**Data under study:**
■ ■ ■ ■
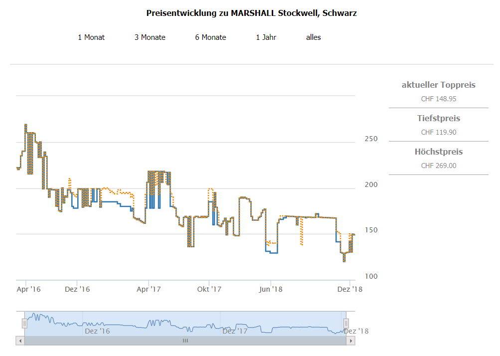 Es gibt einige gute Angebote. Für mich sticht der Marshall Stockwell Bluetooth Lautsprecher für CHF 99.- heraus. Zweitbester Preis in der Schweiz beträgt momentan CHF 148.95, Bestpreis war laut toppreise bei CHF 119.90
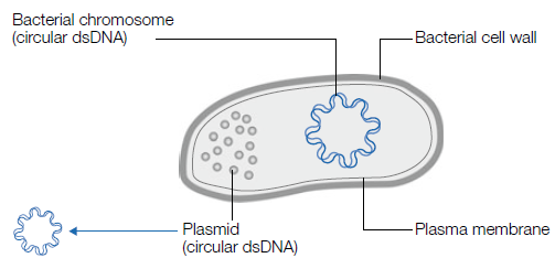细菌细胞中可存在两种类型的DNA。染色体几乎总是一个圆形分子,由(平均)60-500万bp*组成。此外,还可能出现小的圆形DNA分子,即所谓的质粒。这些分子的大小可能从几千到几十万个核苷酸不等,这取决于细菌种类和质粒的类型
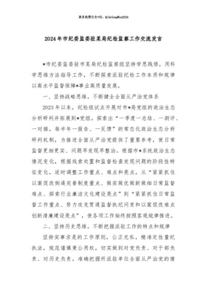 / 【七哥公文】2024年:2024年市纪委监委驻某局纪检监察工作交流发言+更多免费公文+VX:QiGeGongWen2024
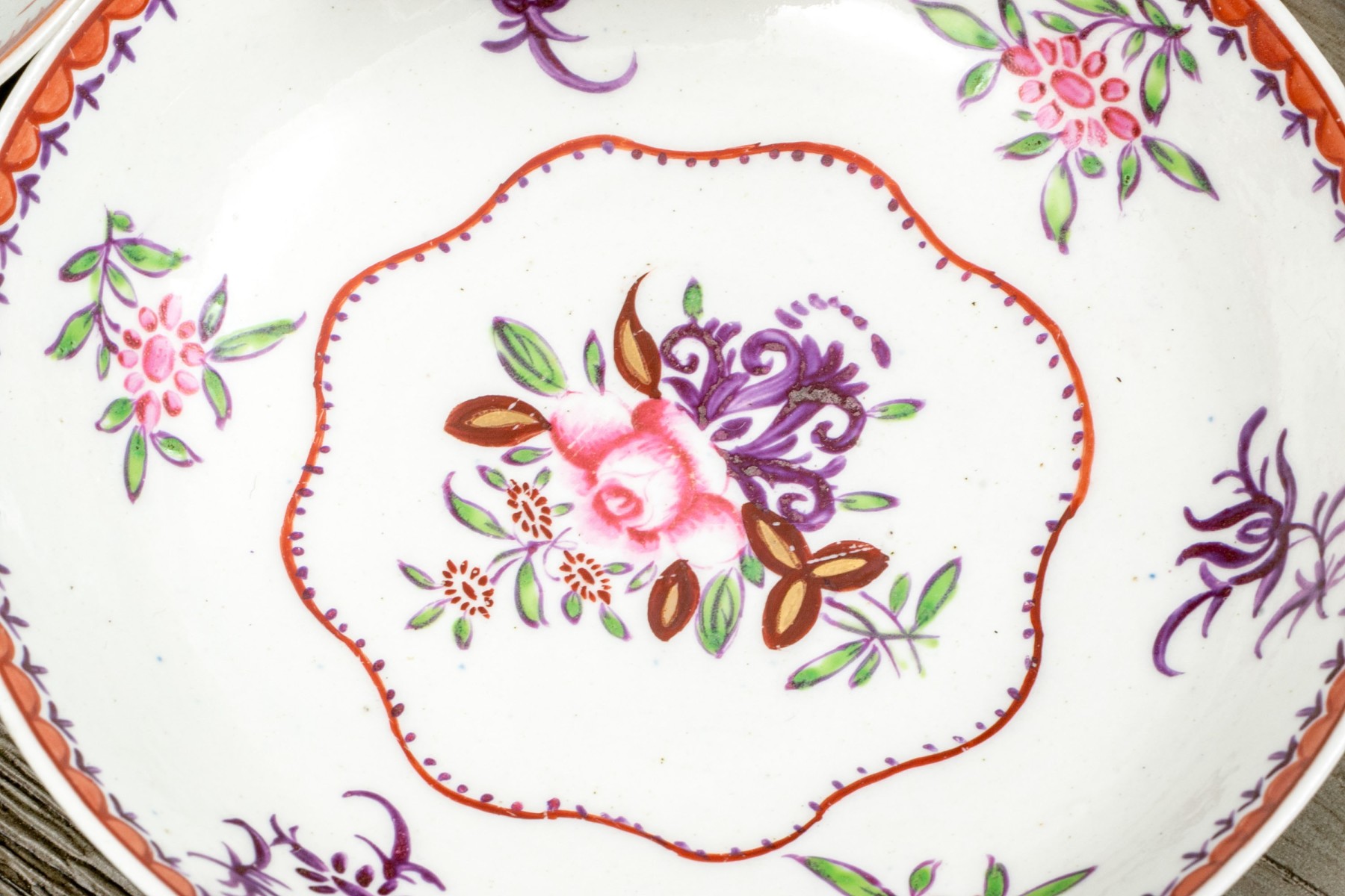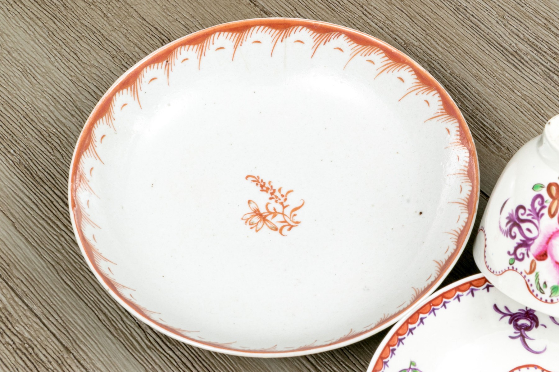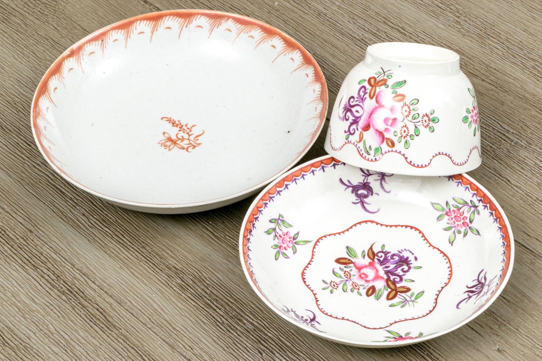 A wonderful group of Chinese export porcelain including a wide, shallow dish with an orange-red decorative border and a dainty floral spray at the center. Accompanied by a teacup and saucer with polychromatic florals and undulating borders.
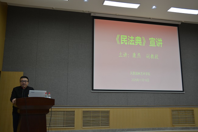 为贯彻落实习近平总书记重要讲话精神,学好民法典,用好民法典,培养全院师生法治理念,提高法治意识。11月18日下午,马克思主义学院康燕副教授应邀为风景园林艺术学院全体教职工和学生代表做了题为《一部以人民为中心的民法典》报告,报告由学院党委副书记王文良主持。
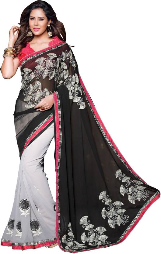 G-Tex Prints Embroidered Bollywood Georgette Saree (White, Black)
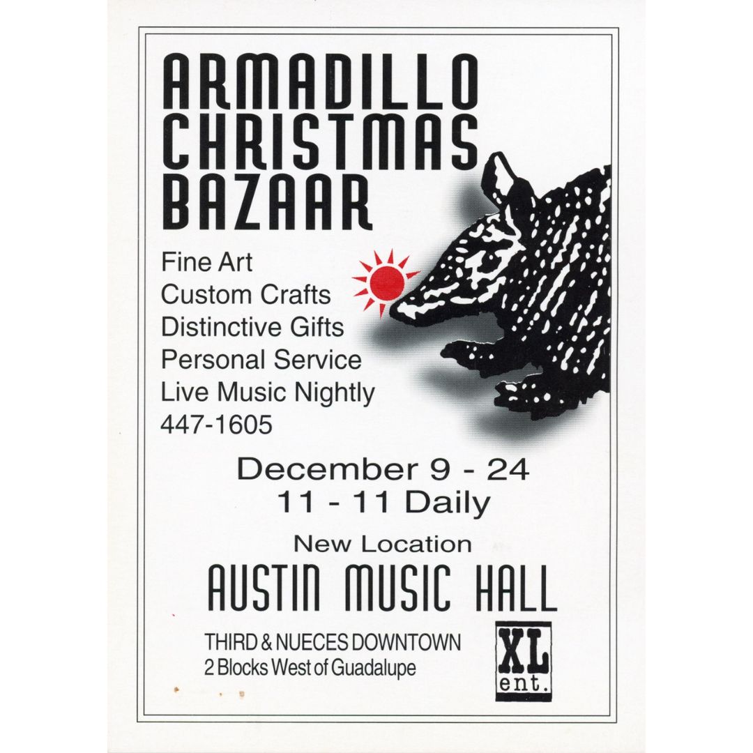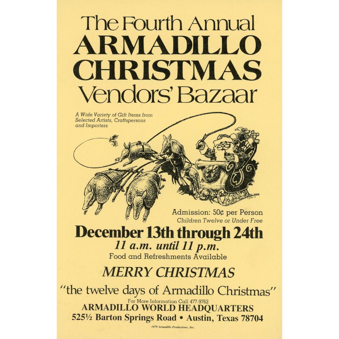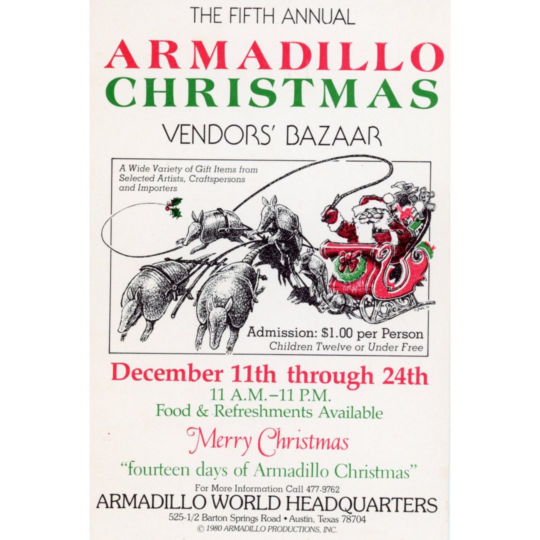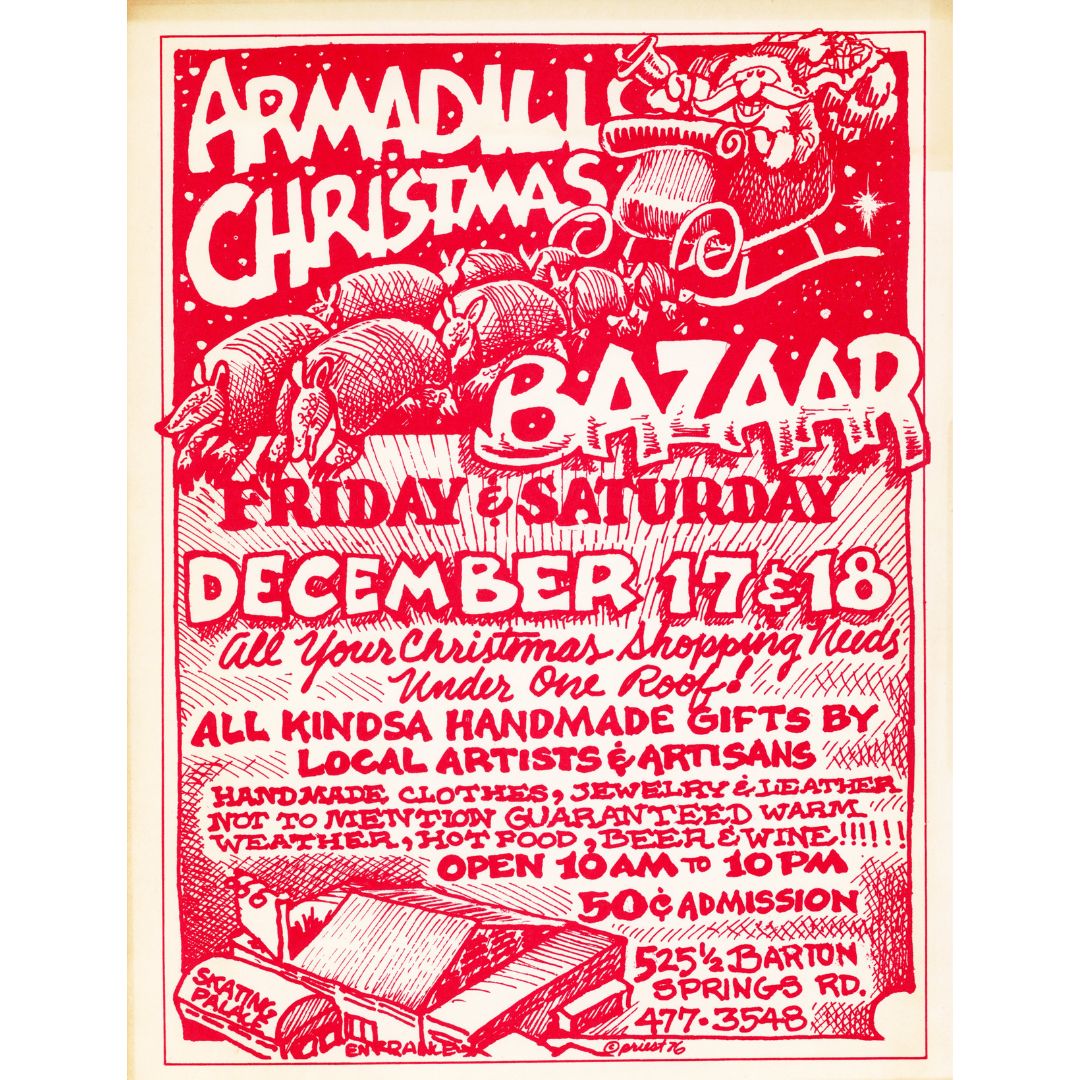 In 1978, Armadillo World Headquarters was in deep financial trouble and getting deeper. An offhand comment by Lucinda Williams inspired Bruce Willenzik to dream up the idea of a Christmas market at The Armadillo.
■ ■ ■ ■
**Problem:** Exactly as written, repeat the lines of the material above from the first through the line holding "A wonderful group", with both ends in the copy and no pictures.

**Result of the exercise:**
 Es gibt einige gute Angebote. Für mich sticht der Marshall Stockwell Bluetooth Lautsprecher für CHF 99.- heraus. Zweitbester Preis in der Schweiz beträgt momentan CHF 148.95, Bestpreis war laut toppreise bei CHF 119.90
细菌细胞中可存在两种类型的DNA。染色体几乎总是一个圆形分子,由(平均)60-500万bp*组成。此外,还可能出现小的圆形DNA分子,即所谓的质粒。这些分子的大小可能从几千到几十万个核苷酸不等,这取决于细菌种类和质粒的类型
 / 【七哥公文】2024年:2024年市纪委监委驻某局纪检监察工作交流发言+更多免费公文+VX:QiGeGongWen2024
 A wonderful group of Chinese export porcelain including a wide, shallow dish with an orange-red decorative border and a dainty floral spray at the center. Accompanied by a teacup and saucer with polychromatic florals and undulating borders.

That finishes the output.